-- DATA BELOW --
——
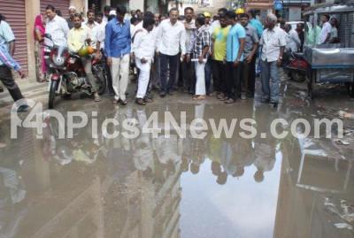 Photo Caption : Minister Dinesh Gundu Rao inspected the rain affected areas in Balepet, as most of the roads are water logged after the recent rains, in Bengaluru on Thursday 16th June 2016
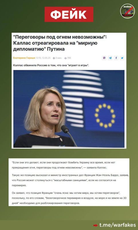 Фейк: Мирные переговоры между Россией и Украиной можно проводить лишь после полного прекращения огня на фронте, заявили глава Евродипломатии Кая Каллас, глава МИД Франции Жан-Ноэль Барро и другие европейские спикеры
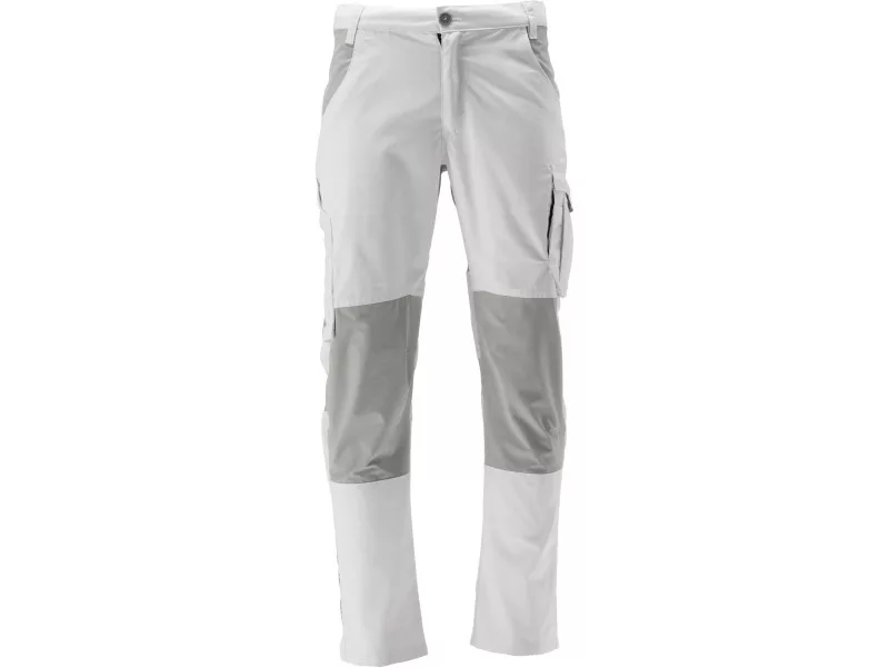 Work trousers from the SERWAL range with inserts in 4way stretch fabric. Eleven pockets, including a multifunctional pocket with a concealed zip, ideal for a wallet or phone. Possibility to shorten the trousers by approximately 4 cm with sewn-in snap buttons. Numerous stitches in the areas most vulnerable to tearing.
——
Return only the lines running from the top of the data to the line that holds "Фейк: Мирные переговоры". Include both of those lines, but skip the pictures.

 Photo Caption : Minister Dinesh Gundu Rao inspected the rain affected areas in Balepet, as most of the roads are water logged after the recent rains, in Bengaluru on Thursday 16th June 2016
 Фейк: Мирные переговоры между Россией и Украиной можно проводить лишь после полного прекращения огня на фронте, заявили глава Евродипломатии Кая Каллас, глава МИД Франции Жан-Ноэль Барро и другие европейские спикеры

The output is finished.